Abstract:
The large-scale deployment of sensor nodes in difficult-to-reach locations makes
powering of sensor nodes via batteries impractical. Besides, battery-powered WSNs require
the periodic replacement of batteries. Wireless, battery-less sensor nodes represent a less
maintenance-intensive, more environmentally friendly and compact alternative to battery powered
sensor nodes. Moreover, such nodes are powered through wireless energy harvesting. In this research,
we propose a novel battery-less wireless sensor node which is powered by a dedicated 4 W EIRP
920 MHz radio frequency (RF) energy device. The system is designed to provide complete off-grid
Internet of Things (IoT) applications. To this end we have designed a power base station which
derives its power from solar PV panels to radiate the RF energy used to power the sensor node. We use
a PIC32MX220F32 microcontroller to implement a CC-CV battery charging algorithm to control the
step-down DC-DC converter which charges lithium-ion batteries that power the RF transmitter and
amplifier, respectively.
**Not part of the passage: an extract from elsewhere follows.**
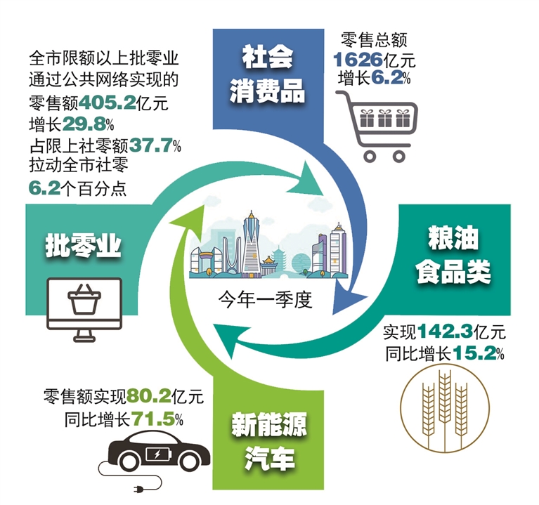 线上零售、重要消费品零售表现抢眼,保持快速增长态势。全市限额以上批零业通过公共网络实现的零售额405.2亿元,增长29.8%;粮油食品类和日用品类商品零售额分别实现142.3亿元和85.4亿元,同比增长15.2%和15.5%;新能源汽车零售实现零售额80.2亿元,同比增长71.5%。
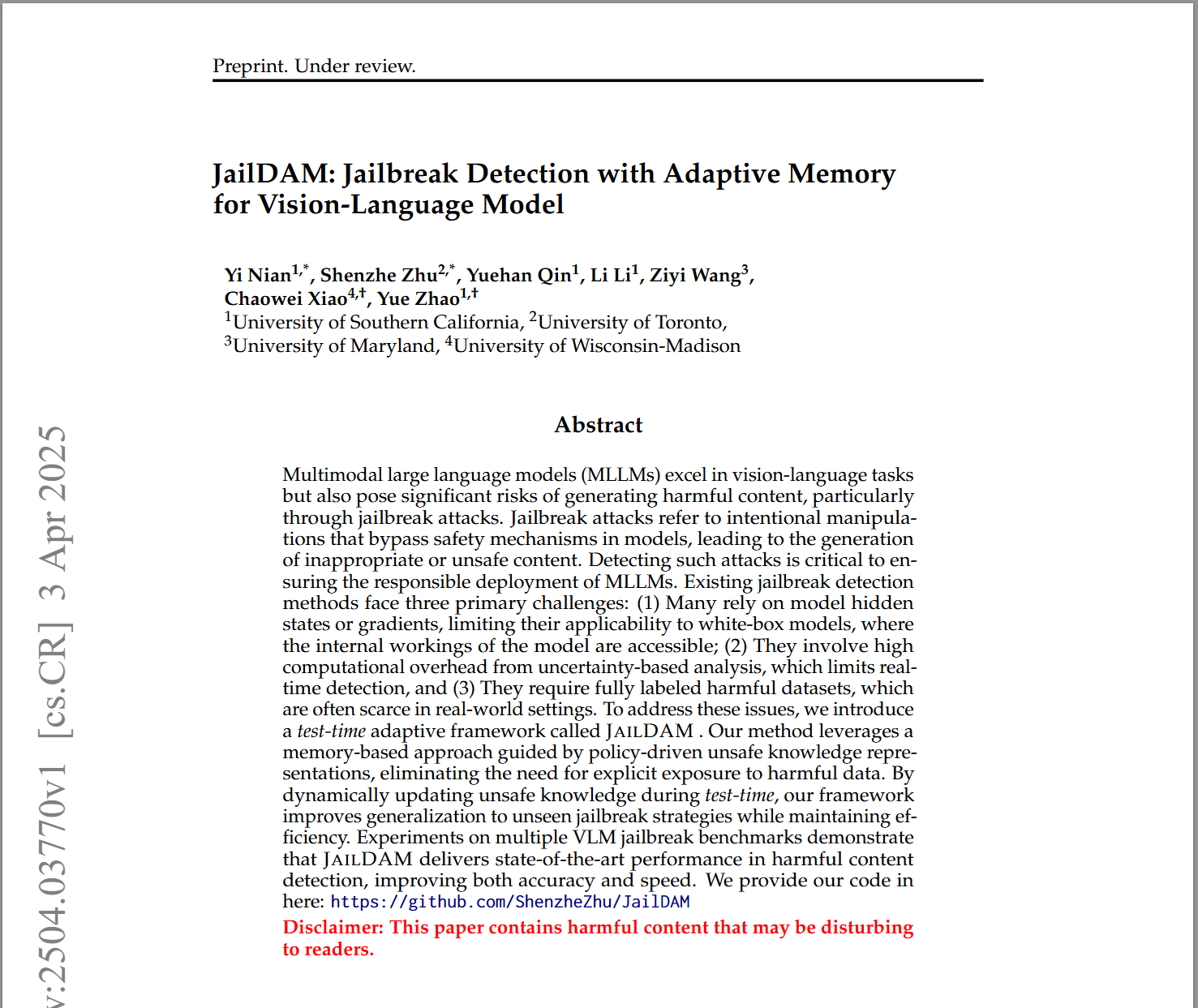 - TAIJI: Textual Anchoring for Immunizing Jailbreak Images in Vision Language Models (2025)

A 12 element Yagi antenna was designed and optimized using the FEKO
electromagnetic software. We design a step-up converter to step the voltage output from a single stage
fully cross-coupled RF-DC converter circuit up to 3.3 V. Finally, we use the power requirements of the
sensor node to size the storage capacity of the capacitor of the energy harvesting circuit. The results
obtained from the experiments performed showed that enough RF energy was harvested over a
distance of 15 m to allow the sensor node complete one sense-transmit operation for a duration of
156 min. The Yagi antenna achieved a gain of 12.62 dBi and a return loss of −14.11 dB at 920 MHz,
while the battery was correctly charged according to the CC-CV algorithm through the control of the
DC-DC converter.